TASHKENT, Uzbekistan, August 13. As part of its broader economic transformation, Uzbekistan is steadily advancing reforms in its banking sector aimed at strengthening financial supervision, enhancing institutional independence, and aligning with international best practices, Trend reports, citing the latest IMF report.
Since the adoption of the revised Central Bank Law in 2019, the Central Bank of Uzbekistan (CBU) has gained greater autonomy, with a clear mandate to maintain price stability and ensure the safety and soundness of the banking system. This legislative change marked the beginning of a gradual but resolute effort to modernize the country’s financial regulatory framework.
The Government’s Banking Sector Reform Strategy, launched in 2020, laid the groundwork for privatizing state-owned commercial banks and introduced a competitive operational model. Building on this progress, the CBU adopted its Guidelines on Risk-Based Supervision (GRBS) in December 2023 — a major milestone signaling a shift from compliance-driven oversight to a forward-looking, risk-sensitive supervisory approach.
The new supervisory methodology was piloted on four banks in 2023, expanded to 14 banks in 2024, and is expected to cover all 36 banks operating in Uzbekistan by 2025. However, this transition remains complex and resource-intensive. Supervisory staff are still developing expertise with the new approach, and achieving consistency in evaluations across teams continues to be a challenge.
At the legislative level, several significant reforms are currently under parliamentary consideration. These include the creation of a Financial Stability Board, with the CBU designated as the Resolution Authority, and reforms to the deposit insurance system.

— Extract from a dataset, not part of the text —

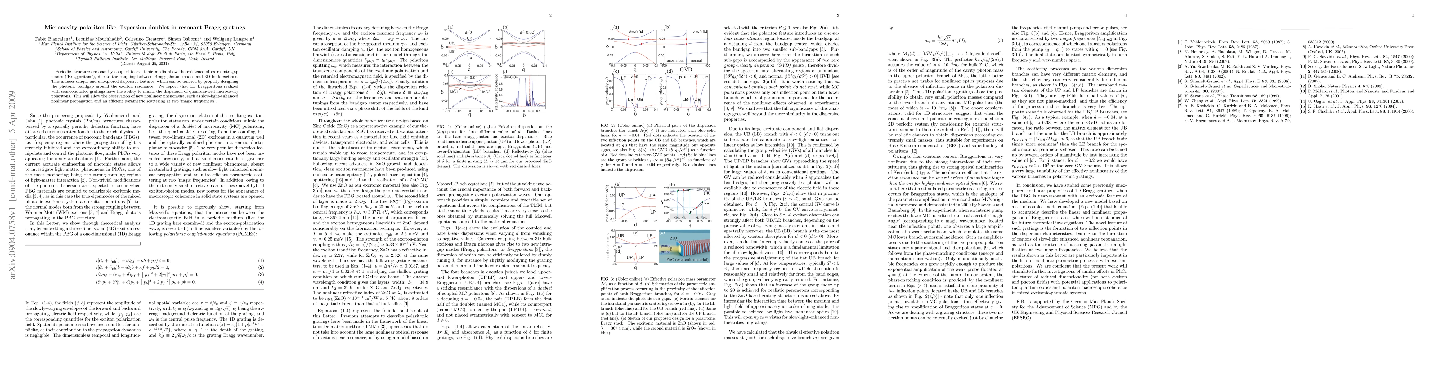 Periodic structures resonantly coupled to excitonic media allow the existence of extra intragap modes ('Braggoritons'), due to the coupling between Bragg photon modes and 3D bulk excitons. This induces unique and unexplored dispersive features, which can be tailored by properly designing the photonic bandgap around the exciton resonance. We report that one-dimensional Braggoritons realized with semiconductor gratings have the ability to mimic the dispersion of quantum-well microcavity polaritons. This will allow the observation of new nonlinear phenomena, such as slow-light-enhanced nonlinear propagation and an efficient parametric scattering at two 'magic frequencies'.

Notably, deposit protection would be extended to legal entities with coverage capped at 200 million soums ($18500), and compensation timelines would be shortened to seven days, critical steps toward boosting public confidence and enhancing the sector’s resilience.
Nevertheless, challenges remain. While the CBU’s independence is guaranteed by law, its autonomy is partially constrained by other regulatory mechanisms. For instance, the Law on Normative Legal Acts requires the CBU to obtain approvals from the Chamber of Commerce and Industry and the Ministry of Justice before issuing new regulations — a process that can hinder timely responses to emerging risks. Additionally, the Chamber’s representation of private sector interests may present potential conflicts in the regulatory process.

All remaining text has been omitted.